**Exercise objective**
Return the lines of the material below exactly, beginning with the line that has "The first set" in it and finishing with the line that has "トンボ鉛筆 色鉛筆 ippo!" in it. Leave all pictures aside.

**Material supplied**
-----

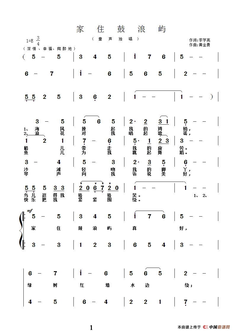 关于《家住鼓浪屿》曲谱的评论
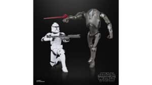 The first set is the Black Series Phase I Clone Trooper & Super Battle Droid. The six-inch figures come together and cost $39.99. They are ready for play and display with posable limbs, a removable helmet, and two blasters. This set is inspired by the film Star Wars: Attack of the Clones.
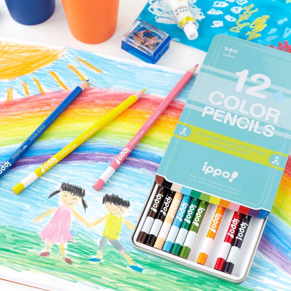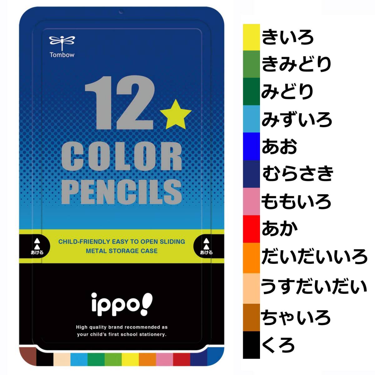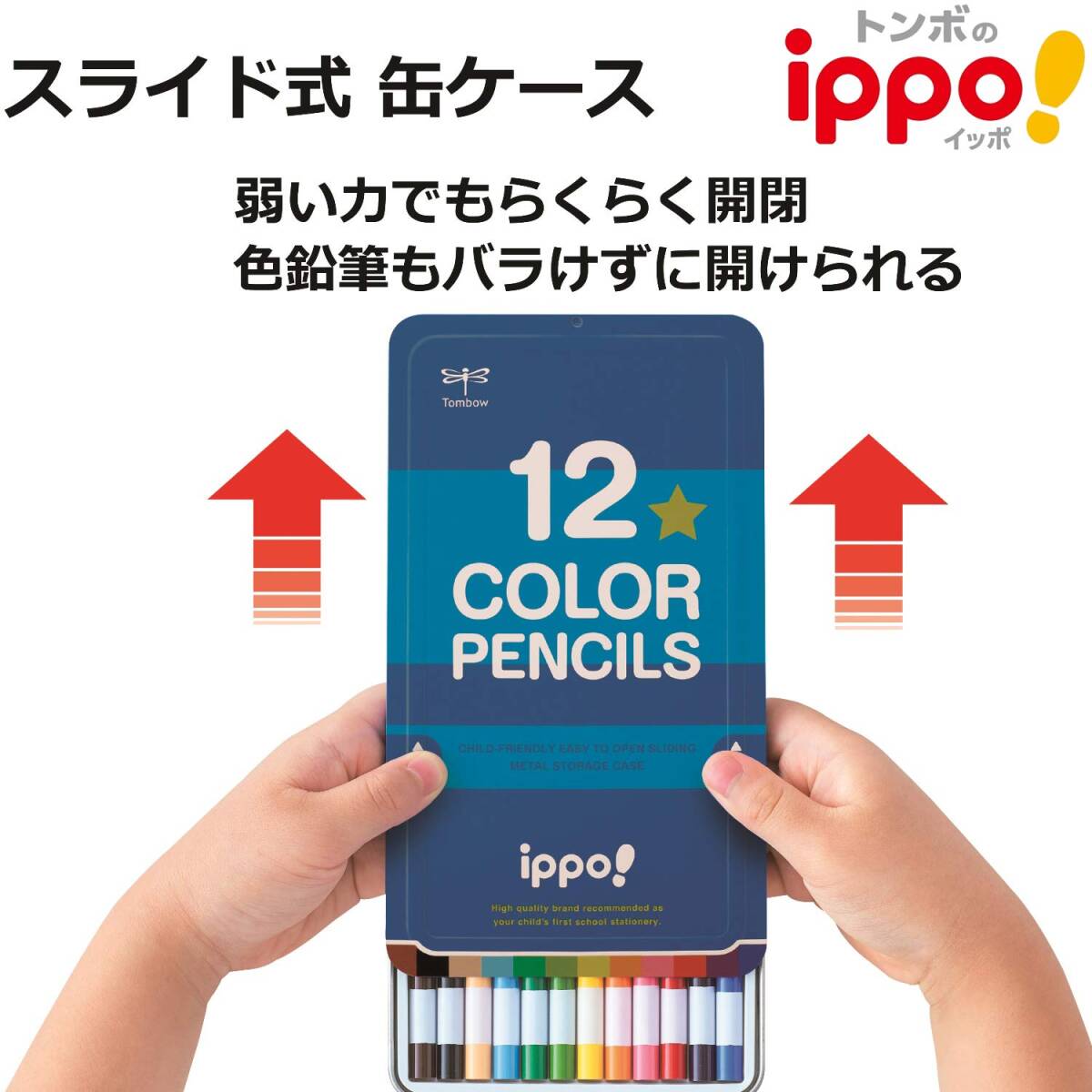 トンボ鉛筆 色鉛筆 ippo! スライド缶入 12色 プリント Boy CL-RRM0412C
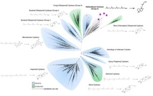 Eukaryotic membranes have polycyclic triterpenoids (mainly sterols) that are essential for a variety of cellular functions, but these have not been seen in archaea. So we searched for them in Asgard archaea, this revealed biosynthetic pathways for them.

-----

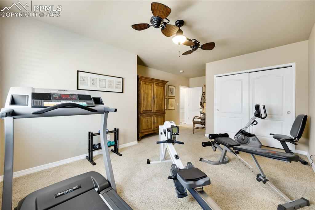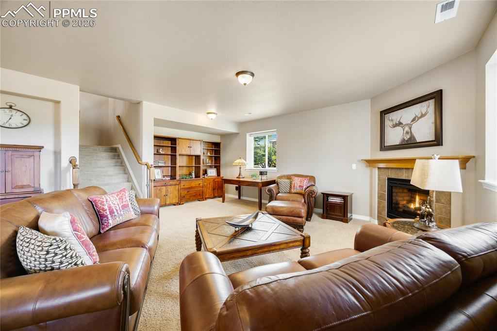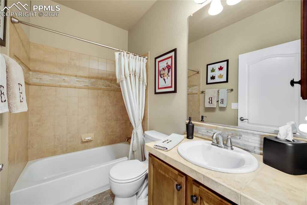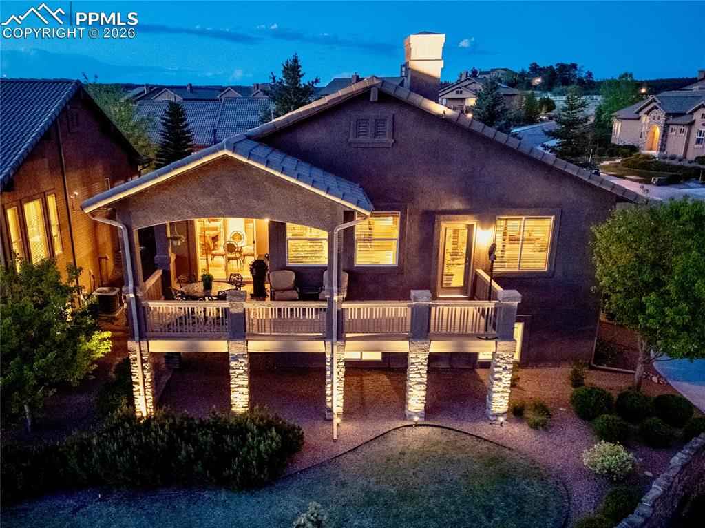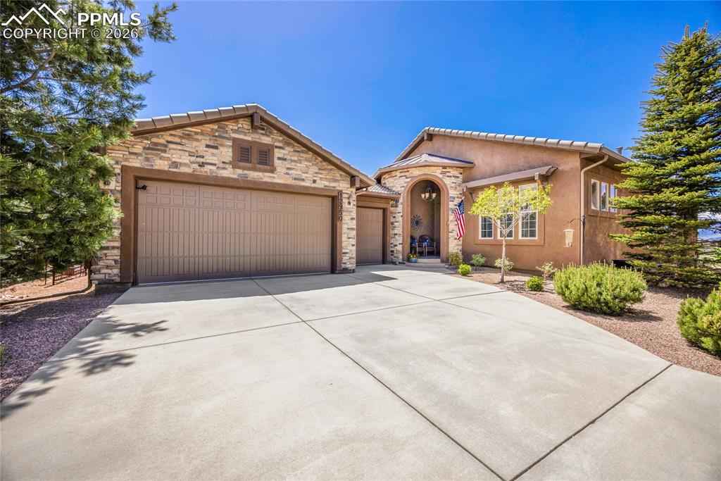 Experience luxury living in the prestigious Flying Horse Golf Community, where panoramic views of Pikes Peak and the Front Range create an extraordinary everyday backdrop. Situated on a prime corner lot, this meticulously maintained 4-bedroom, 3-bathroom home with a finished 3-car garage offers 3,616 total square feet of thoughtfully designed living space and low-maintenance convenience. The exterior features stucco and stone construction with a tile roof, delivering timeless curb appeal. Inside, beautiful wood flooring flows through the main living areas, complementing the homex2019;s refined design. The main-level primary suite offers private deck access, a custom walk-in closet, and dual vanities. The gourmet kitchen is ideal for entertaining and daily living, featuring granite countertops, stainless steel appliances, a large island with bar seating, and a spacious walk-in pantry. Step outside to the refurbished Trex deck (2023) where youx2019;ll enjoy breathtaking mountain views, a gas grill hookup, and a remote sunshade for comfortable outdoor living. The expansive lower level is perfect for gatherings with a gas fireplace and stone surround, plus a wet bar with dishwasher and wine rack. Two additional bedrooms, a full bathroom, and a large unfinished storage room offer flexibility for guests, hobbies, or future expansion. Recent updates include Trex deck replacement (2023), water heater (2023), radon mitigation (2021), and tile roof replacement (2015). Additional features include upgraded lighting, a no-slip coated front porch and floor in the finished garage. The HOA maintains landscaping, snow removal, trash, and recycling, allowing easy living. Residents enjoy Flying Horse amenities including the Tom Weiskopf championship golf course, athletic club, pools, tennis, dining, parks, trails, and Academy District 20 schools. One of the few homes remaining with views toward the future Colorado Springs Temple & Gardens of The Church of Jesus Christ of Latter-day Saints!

-----

**Output for this exercise**
 The first set is the Black Series Phase I Clone Trooper & Super Battle Droid. The six-inch figures come together and cost $39.99. They are ready for play and display with posable limbs, a removable helmet, and two blasters. This set is inspired by the film Star Wars: Attack of the Clones.
 トンボ鉛筆 色鉛筆 ippo! スライド缶入 12色 プリント Boy CL-RRM0412C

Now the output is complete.